The most important element that’s typically missing from project delivery is responsibility for sustainability – making the project accountable for its impact and taking steps to a have a positive influence. These accountabilities should be defined during the early planning and discovery phases and considered alongside the constraint analysis and initial priority setting as discussed above. Sustainability is no longer an add-on to be addressed when issues arise, but a key responsibility for the project team and must have the right measures and metrics to check performance against agreed targets. Accountabilities should also be considered in terms of project handover and benefits measurement.

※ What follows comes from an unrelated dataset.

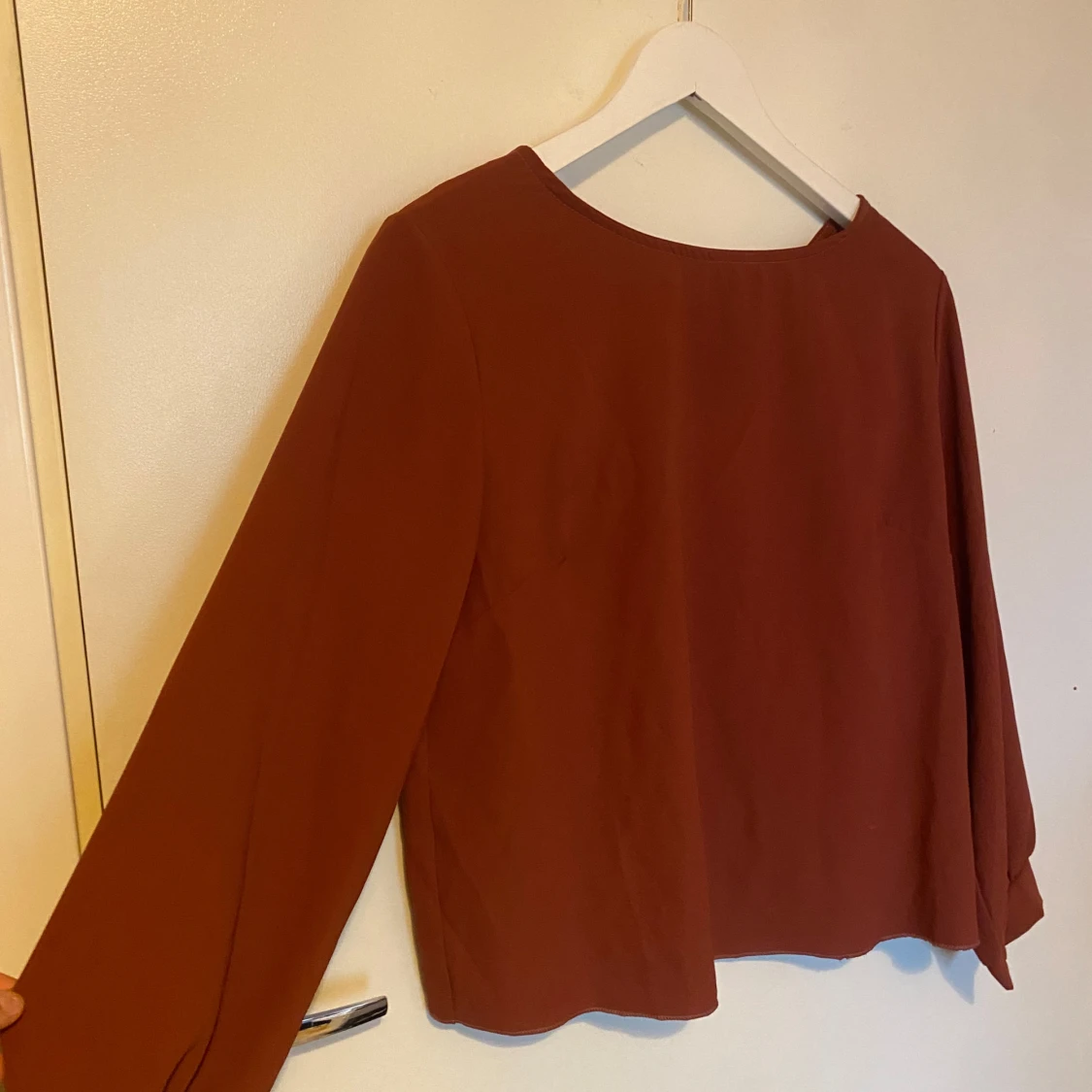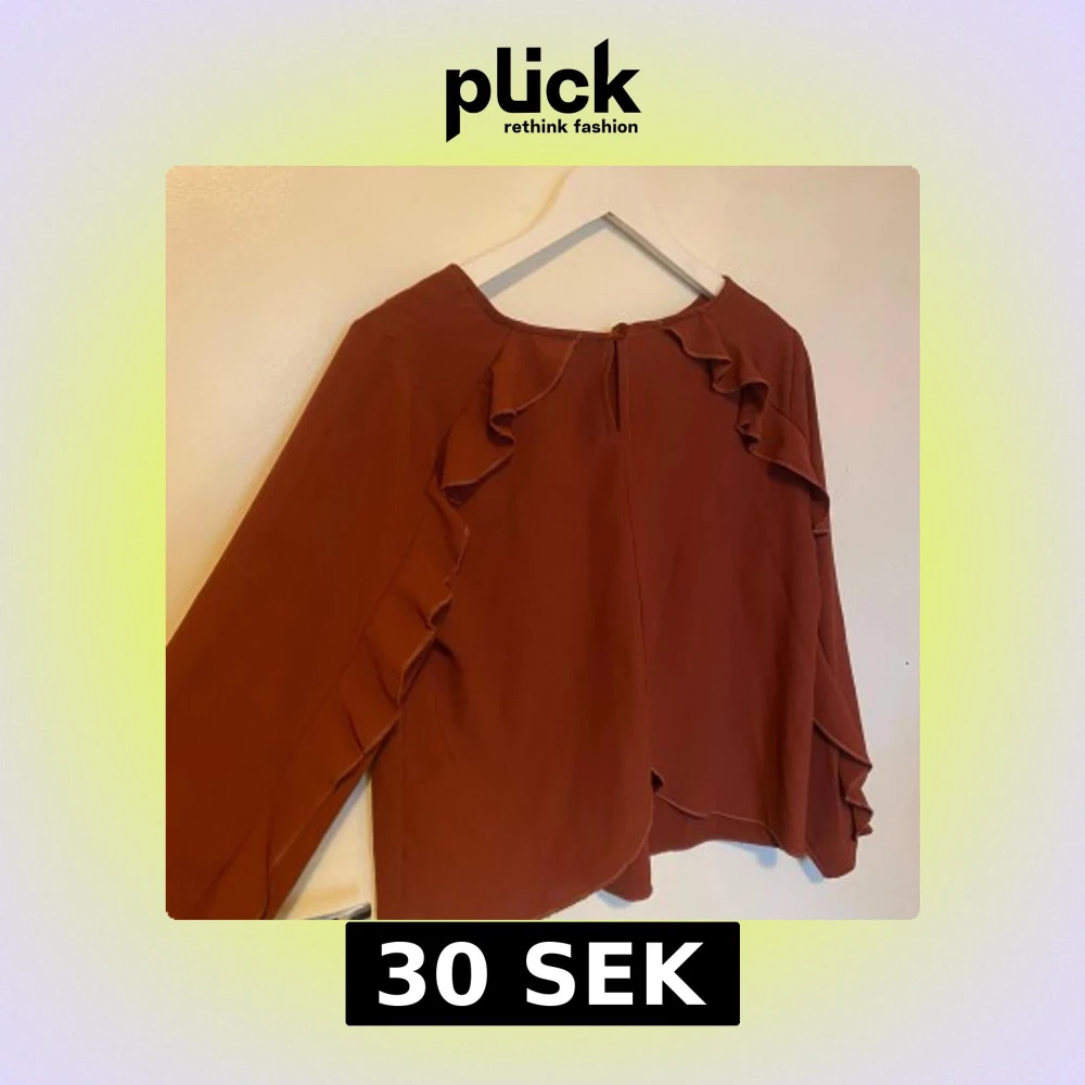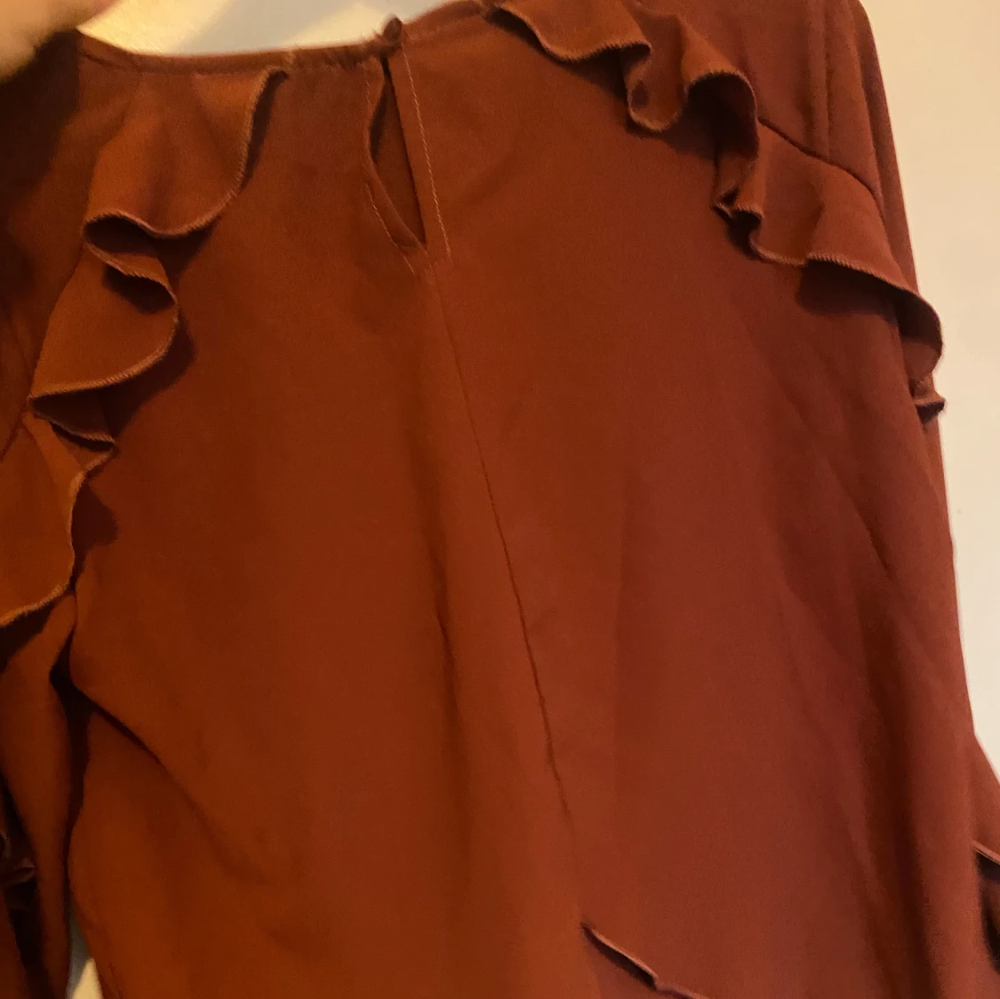 Säljer en snygg vinröd/orange/brun blus med volangdetaljer längs ärmarna. Blusen har långa ärmar och en rund halsringning. Perfekt för en stilren look. OBS första bilden är baksidan, det är baksidan som har volanger.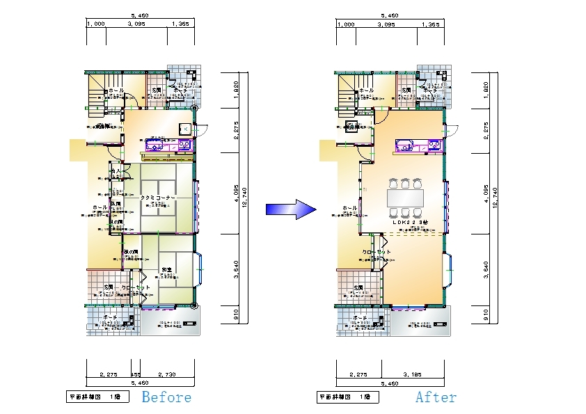 現在、和室7畳とダイニング9畳、キッチン5畳、収納スペース1.5畳があり、このスペースをワンフロアーにし、一番の希望である皆が集えるメインの大型ダイニングテーブルを置く(6人用)。

The 17 goals of UN Sustainable Development point to the values and behaviours that need to be considered. Already utilised in large scale UK government infrastructure projects, they can be a reference for any project wanting to contribute to sustainability. A simple Project/Programme checklist can be created in which each of the 17 goals is assessed as appropriate and the results incorporated into the project delivery accountabilities. For example, Goal 12 on Responsible Consumption and Production references electronic waste, which has grown by 38% but less than 20% is recycled. It makes us think about how we buy and utilise equipment, how our procurement strategy deals with that issue, and how we could exercise pressure on suppliers to adopt sustainable practices.

The BJSS Programme Sustainability Canvas aligns with the 17 UN Sustainable Development goals and the critical success factors for sustainability improvement - driving accountability and focus through clear objectives, building in agility to adjust course and testing ideas early to inform direction.

Given these success factors, our approach to delivering and scaling sustainable business solutions focusses on delivering meaningful, sustainable change using innovation, creativity, and the application of green software and design principles to stop complexity, information gaps and uncertainty limiting progress.